Ao que se sabe, em SP o PCC se fortaleceu a partir de três pontos: a) superlotação das cadeias, que na última década duplicou sua massa carcerária, com precariedade dos estabelecimentos e incapacidade do Estado em fornecer condições mínimas de cumprimento de pena conforme a lei determina (isso não foge à regra em Santa Catarina); b) falta de reconhecimento pelo poder público da dimensão e força do PCC; c) investimento na polícia ostensiva como combatente da violência e esvaziamento da Polícia Civil no mister de suas funções.
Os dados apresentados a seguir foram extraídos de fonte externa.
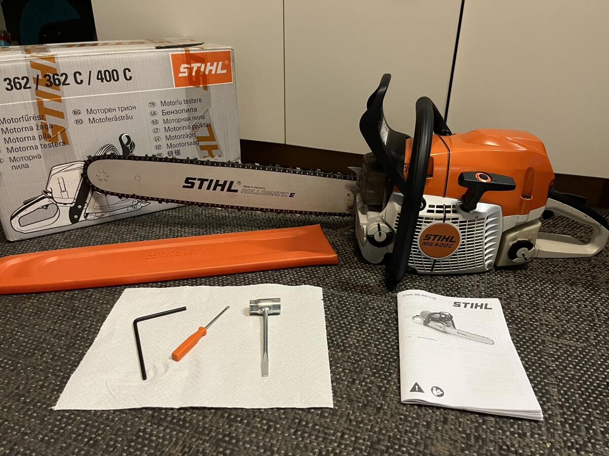 Verkaufe meine neuwertige Stihl MS 400 C. Motorsäge ist im besten Zustand, wurde nur 6 Mal verwendet und ist daher noch wie neu. Motorsäge mit 50er Schwert. Alle Ein

A atuação para enfrentamento do fenômeno demanda, portanto, muito mais conhecimento. Sua solução passa pela compreensão certa do porquê dessa onda de violência, a que e a quem servem e como se sustentam. Como sugestão e ponto de partida, penso que: a) A segurança pública e o sistema prisional devem ser políticas de Estado e não de governo. Precisam apontar projetos sólidos de investimento junto às unidades prisionais, com salubridade para os presos, atendimento mínimo da sua saúde e fornecimento de estudo e trabalho. Enfim, o Estado precisa definitivamente superar os modelos medievais e violadores de nossos presídios e lá se fazer presente. b) A Polícia Militar, Polícia Civil e gerentes e diretores de presídios e penitenciárias devem dialogar em caráter permanente, agindo de forma integrada, cada um dentro de suas atribuições, todos parte do Estado, além do que igualmente precisam de investimentos em número de servidores, valorizados e capacitados. E mais: precisam essas instituições compreender que violência gera violência e, portanto, sua atuação deve ser nos estritos termos da lei. c) O Judiciário deve se fazer presente dentro das unidades prisionais, em diálogo franco com a população carcerária e com os agentes penitenciários, como verdadeiro guardião da Constituição, determinando o respeito aos direitos fundamentais e à aplicação da lei, que existe tanto para obrigar o cumprimento correto das penas como e, principalmente, para garantir o respeito aos direitos dos detentos.
Espera-se que a situação volte à normalidade logo. Porém, sem uma política de Estado séria de investimento nos presídios, será apenas questão de tempo para novos incidentes, talvez mais graves. Pois, como já disse Dostoyevsky, o grau de civilização em uma sociedade pode ser medido entrando em suas prisões.